Gallery 400 intern and artist Andrew Rutherdale running a soil-testing workshop at Marshall Square
The commons are shared resources open to all members of a community. There is an environmental definition of the commons describing water, soil, and air, and an urban definition referring to parks, public schools, libraries, and community centers. This series attempted to blend these two definitions, providing methods that strengthen people’s relationship to shared space.
A Chi-Nations walking tour at the American Indian Center
One strategy was to host workshops about seed bombing at each of the events. Participants made seed bombs by forming small balls out of clay, potting soil, and native wildflower seeds. They were instructed to throw the seed bombs into unused spaces in their community such as empty lots or railway yards. The flowers that grew from the seed bombs had the capacity to rewild these environments, bringing back flora that had thrived in these areas prior to urbanization. The flowers could also provide butterflies with food and places to lay eggs. Methods such as these allowed people to ecologically enrich unused areas of their community.
Gallery 400 staff member Megan Moran running a seed-bombing workshop at the American Indian Center
Commoditization and privatization are the largest problems facing the commons. Policies of fiscal austerity and redevelopment seize elements of shared wealth and place them in the hands of corporations and private interests. Chicago mayor Rahm Emanuel’s closure of over 50 public schools in 2013 exemplifies political efforts to dissolve common goods. By contrast, Garden for a Changing Climate sought to highlight forms of value that have not been commoditized. By creating an opportunity to share ideas, skills, gifts, and tactics without money entering into the equation, these events demonstrated how value is generated within the commons and outside financial markets.
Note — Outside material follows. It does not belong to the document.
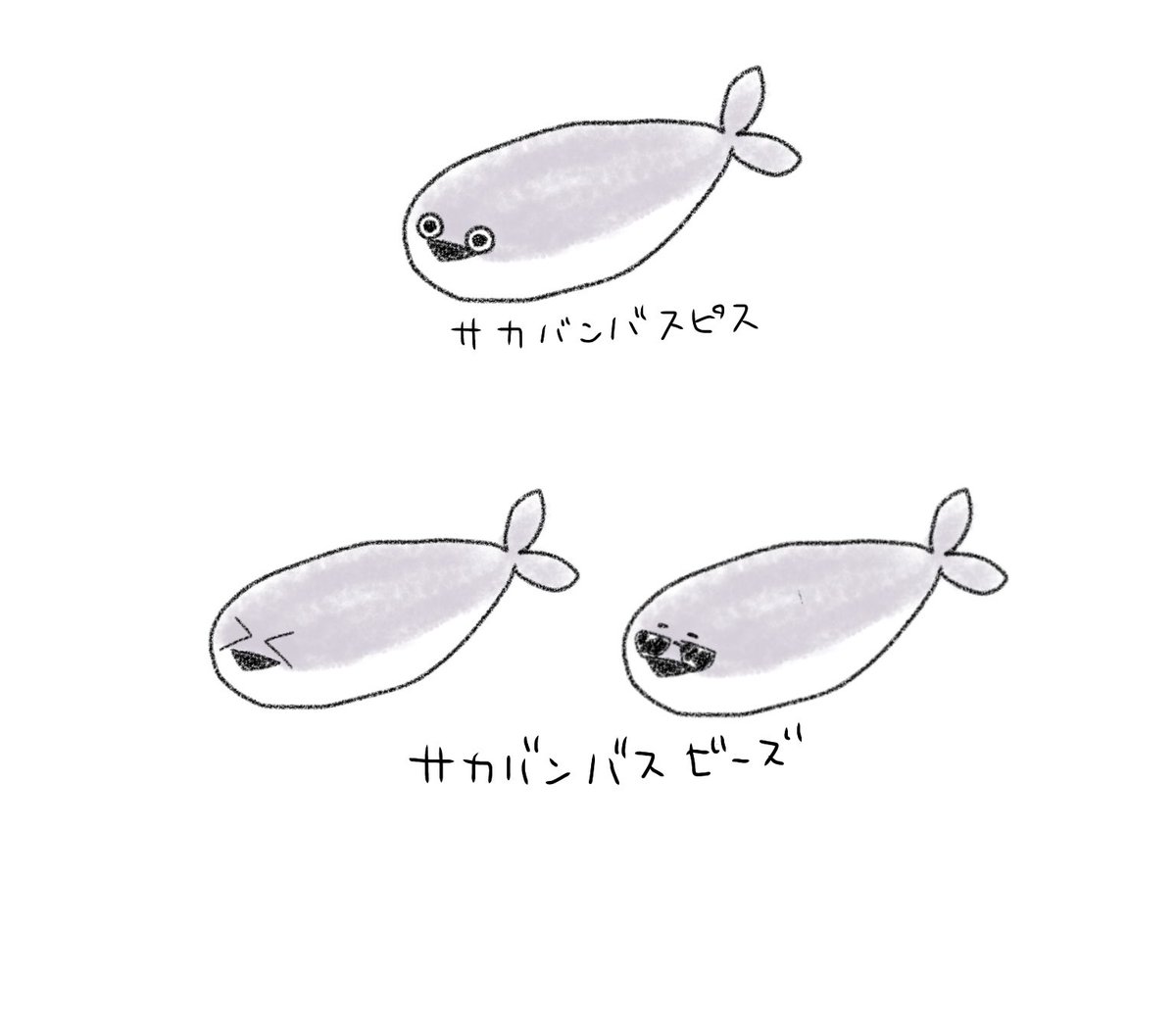 転売とかで心痛めたフォロワーさんを散見するので 私が描いた最近話題のサカバンバスピスとサカバンバスビーズ見て
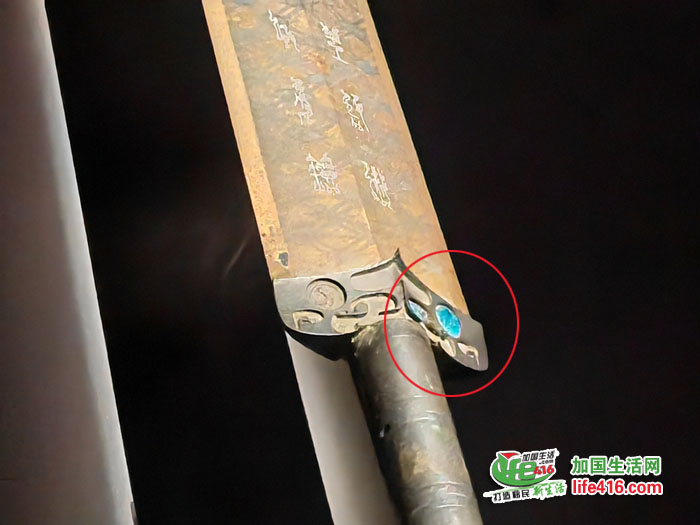 看到上图画红圈的地方,那是越王勾践剑的剑格,那里竟然镶有蓝色玻璃。你可能又会质疑此剑的真假:剑格怎么可能会镶有蓝色玻璃?后人之所以会有这样的疑问,主要是误认为玻璃的制作技术是从海外传入中国的。其实,中国西周至战国时期的玻璃工艺已趋于成熟。越王勾践剑乃王者之剑,剑格正面镶蓝色玻璃,说明玻璃在当时比玉稀有,地位比镶玉剑高贵。

Artist William Estrada leading a silk-screening workshop at Marshall Square
To push this resistance to finance further, Garden for a Changing Climate utilized the idea of the gift economy, where goods and services are given away without the expectation of immediate return. For example, there was a workshop where pickled vegetables were gifted to people. After tasting these, participants were invited to learn about pickling by preparing pickles of their own, using pre-cut vegetables, pre-prepared brine, and glass jars. The pickles made during these workshops were shared between participants, family, and community members. This type of gift giving is the fundamental form of commerce that undergirds community organization, and Garden for a Changing Climate provided an opportunity to see this economy at work.
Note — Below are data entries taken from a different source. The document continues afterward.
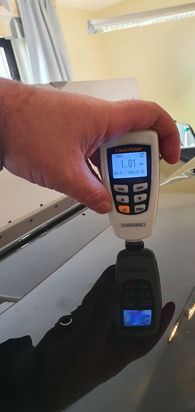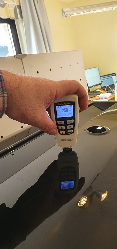 An einer Heckklappe wurden ebenfalls mehrere "Behandlungen" durchgeführt. Wie oben beschrieben wurde diese Heckklappe thermografiert und als Bestätigung mittels eines Schichtdickenmessgerätes die verschiedenen Lackschichten gemessen.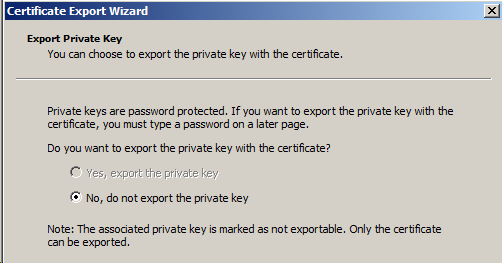 This is definitely outside the realms of SQL Server. When you try to export the certificate you get to the screen where you have to choose the option to export the Private Key of the certificate, but the option is greyed out as shown below.
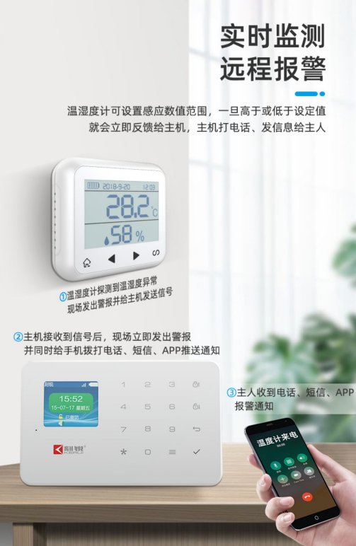 在報警功能方面,這款溫濕度報警器除了能現場報警外,還能通過電話、短信、手機APP(需連接刻銳報警主機才有此功能)等多種方式遠程報警。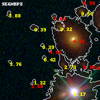 Black segments are analyzed here. Roll mouse over color images to view segments. Best viewed in a wide browser window (1200 pixels or more). Download SED & P(z) plots to view larger versions.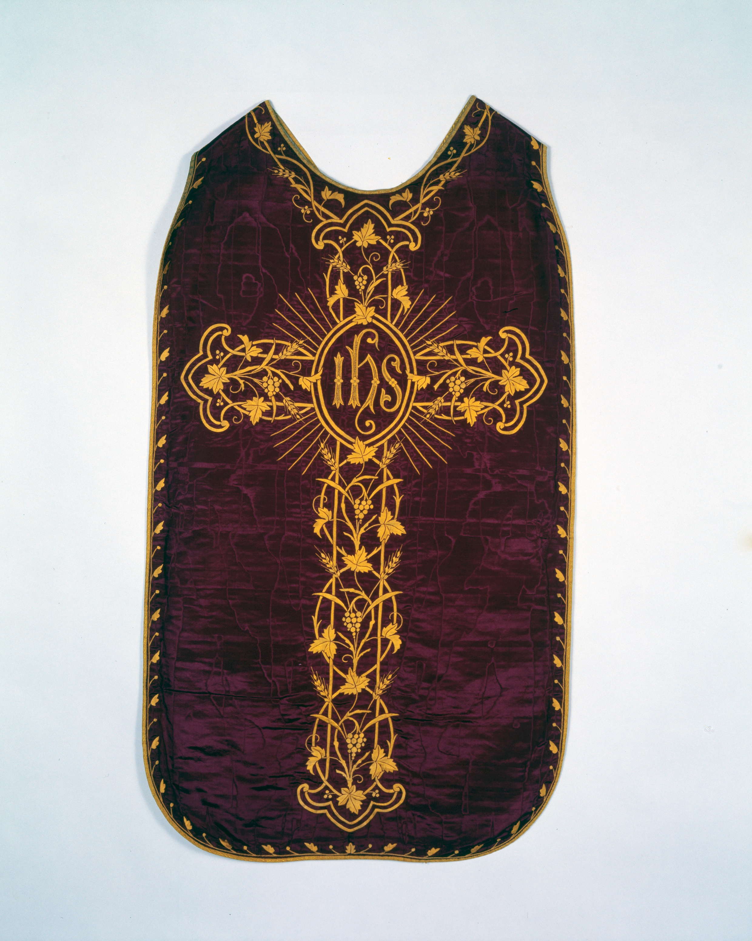 Ornement réversible blanc et rouge 1 : chasuble, bourse de corporal, étole, manipule, basilique Notre-Dame-du-Roncier (Josselin),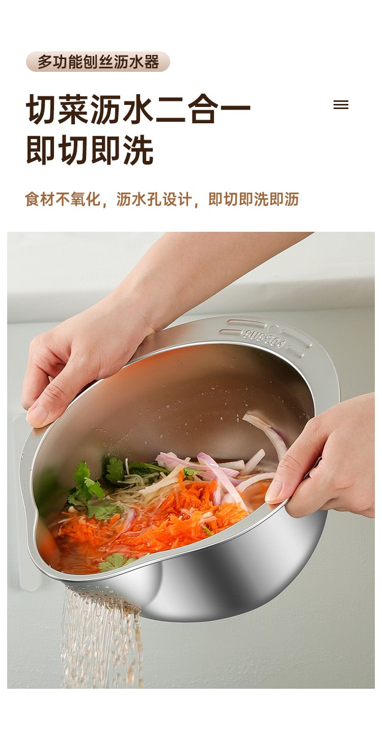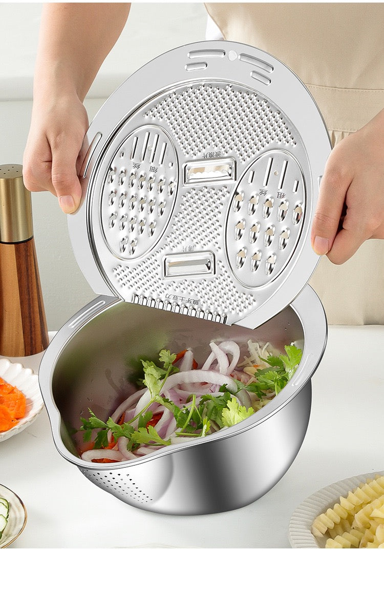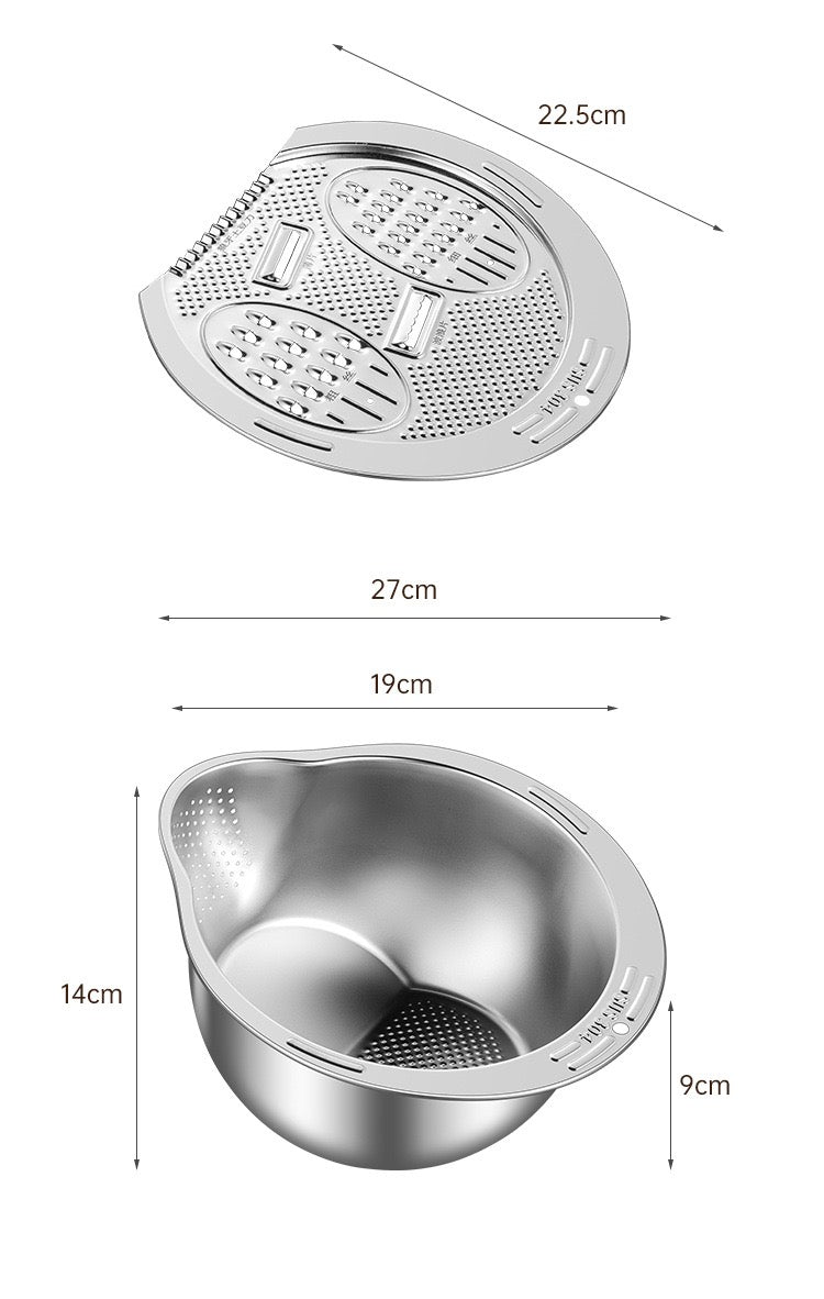 ✅ All-in-One Versatility – Grate, slice, shred, drain, and even mix salads in one sleek tool. Perfect for veggies, cheese, fruits, and more!

To face the catastrophe of climate in the 21st century, an understanding of the challenges is not by itself sufficient. People also need active methods to address environmental problems, both within their communities and as planetary citizens. By forming and distributing ecological tactics, it is possible to create tighter links within local groups. It also enables people to create value outside the bounds of financial markets—that are themselves responsible for the destruction of ecosystems and the commons. By ambitiously advancing forms of ecological engagement, Garden for a Changing Climate grew from an art series into an incubator for unconditional exchange and environmental awakening.